Jothi Raja, Cherukuri Praveen F, Tasneem Asba, Przytycka Teresa M
National Center for Biotechnology Information, National Library of Medicine, National Institutes of Health, Bethesda, MD 20894, USA.
J Mol Biol. 2006 Sep 29;362(4):861-75. doi: 10.1016/j.jmb.2006.07.072. Epub 2006 Aug 1.
Recent advances in functional genomics have helped generate large-scale high-throughput protein interaction data. Such networks, though extremely valuable towards molecular level understanding of cells, do not provide any direct information about the regions (domains) in the proteins that mediate the interaction. Here, we performed co-evolutionary analysis of domains in interacting proteins in order to understand the degree of co-evolution of interacting and non-interacting domains. Using a combination of sequence and structural analysis, we analyzed protein-protein interactions in F1-ATPase, Sec23p/Sec24p, DNA-directed RNA polymerase and nuclear pore complexes, and found that interacting domain pair(s) for a given interaction exhibits higher level of co-evolution than the non-interacting domain pairs. Motivated by this finding, we developed a computational method to test the generality of the observed trend, and to predict large-scale domain-domain interactions. Given a protein-protein interaction, the proposed method predicts the domain pair(s) that is most likely to mediate the protein interaction. We applied this method on the yeast interactome to predict domain-domain interactions, and used known domain-domain interactions found in PDB crystal structures to validate our predictions. Our results show that the prediction accuracy of the proposed method is statistically significant.
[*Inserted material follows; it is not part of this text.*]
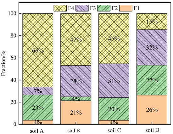 F1, F2 and F3 are the main bioavailable forms, in which F1 and F2 are sensitive to environmental changes, easy to migrate and transform and easy to release under acidic conditions, and F3 has strong binding ability to soil organic matter. Therefore, it is easy for plants to extract and utilize them, while, in comparison, F4 is more stable in nature []. However, previous study has shown that the residual fraction of Cr could be transformed into mild acid-soluble fraction, reducible fraction and oxidizable fraction of Cr during alkali digestion []. For soil A, that the amount of Cr(VI) detected by the new method and the conventional method exhibited significant differences, which might be due to its high content of residual fraction. The release of Cr(VI) in residual fraction is slow, leading to inaccuracy in the conventional method. While for soil D, the residual fraction only accounts for 14.59%, the amount of Cr(VI) detected by the new method increased by 15.21% compared to the conventional method.
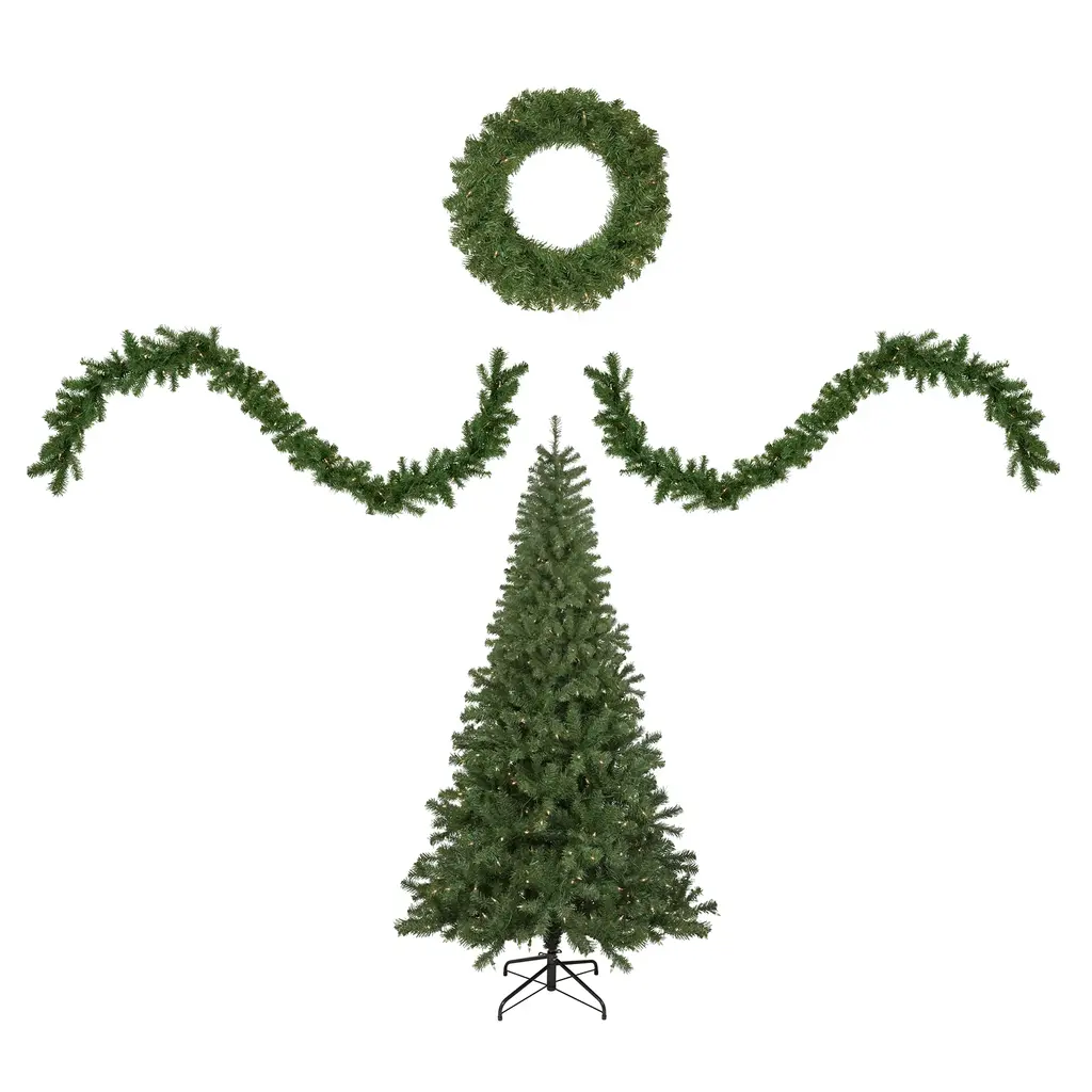 Simplify your holiday decorating this year with our Wolcott Spruce 4-piece set. The set includes co-ordinating artificial Christmas tree wreath and garland pieces. The foliage is a medium green color and all pieces come with clear incandescent mini lights that give your decor a traditional warm glow. Product features of the tree: Pre-lit with 350 clear lights Bulb size: mini Bulb type: incandescent 820 tips 2" wide tips 32" lead cord 44" base diameter (at the widest point) Medium profile tree Hinged branch construction 3-piece easy assembly (including stand) Comes with a FREE black metal tree stand Wire gauge: 22 120 volts 60 hertz .51 amps 61.2 watts Product features of each garland: Pre-lit with 50 clear lights Bulb size: mini Bulb type: incandescent 180 tips 2" wide tips 9" lead cord Bendable wire center allows for you to shape the garland any way you desire Green metal hooks on each end for easy hanging Contains end-to-end connectors which allow you to connect more than 1 garland together (not to exceed 210 watts) Wire gauge: 22 120 volts 60 hertz .17 amps 20.4 watts Product features of the wreath: Pre-lit with 35 clear lights Bulb size: mini Bulb type: incandescent 120 tips 2" wide tips No assembly required - wreath comes in 1 piece Includes a metal frame backing for hanging Additional product features: UL certified and approved for indoor or covered outdoor use If one bulb burns out the rest will stay lit Lights on the tree and garland are equipped with Lamp Lock feature which makes them replaceable interchangeable and keeps them from falling out Dimensions: Tree: 6.5' high (from the base of the stand to the top of the tree) Garlands: 9' long x 10" wide Wreath: 24" diameter (measured from outermost tip to outermost tip across the wreath) Material(s): PVC/metal/glass/plastic/wire Note: Branches are compressed for shipment and need to be fluffed out upon arrival to look like the photo.

Comparison of our prediction results with those from two other methods reveals that only a fraction of predictions are shared by all the three methods, indicating that the proposed method can detect known interactions missed by other methods. We believe that the proposed method can be used with other methods to help identify previously unrecognized domain-domain interactions on a genome scale, and could potentially help reduce the search space for identifying interaction sites.
功能基因组学的最新进展有助于生成大规模高通量蛋白质相互作用数据。这类网络虽然对于从分子水平理解细胞极有价值,但并未提供有关介导相互作用的蛋白质区域(结构域)的任何直接信息。在此,我们对相互作用蛋白质中的结构域进行了共进化分析,以了解相互作用和非相互作用结构域的共进化程度。通过结合序列和结构分析,我们分析了F1 - ATP酶、Sec23p/Sec24p、DNA指导的RNA聚合酶和核孔复合体中的蛋白质 - 蛋白质相互作用,发现给定相互作用的相互作用结构域对表现出比非相互作用结构域对更高水平的共进化。受这一发现的启发,我们开发了一种计算方法来测试观察到的趋势的普遍性,并预测大规模的结构域 - 结构域相互作用。给定一个蛋白质 - 蛋白质相互作用,该方法预测最有可能介导蛋白质相互作用的结构域对。我们将此方法应用于酵母相互作用组以预测结构域 - 结构域相互作用,并使用在PDB晶体结构中发现的已知结构域 - 结构域相互作用来验证我们的预测。我们的结果表明,该方法的预测准确性具有统计学意义。将我们的预测结果与其他两种方法的结果进行比较发现,所有三种方法仅共享一小部分预测结果,这表明该方法可以检测到其他方法遗漏的已知相互作用。我们相信,该方法可与其他方法一起用于在基因组规模上帮助识别以前未被认识的结构域 - 结构域相互作用,并可能有助于缩小识别相互作用位点的搜索空间。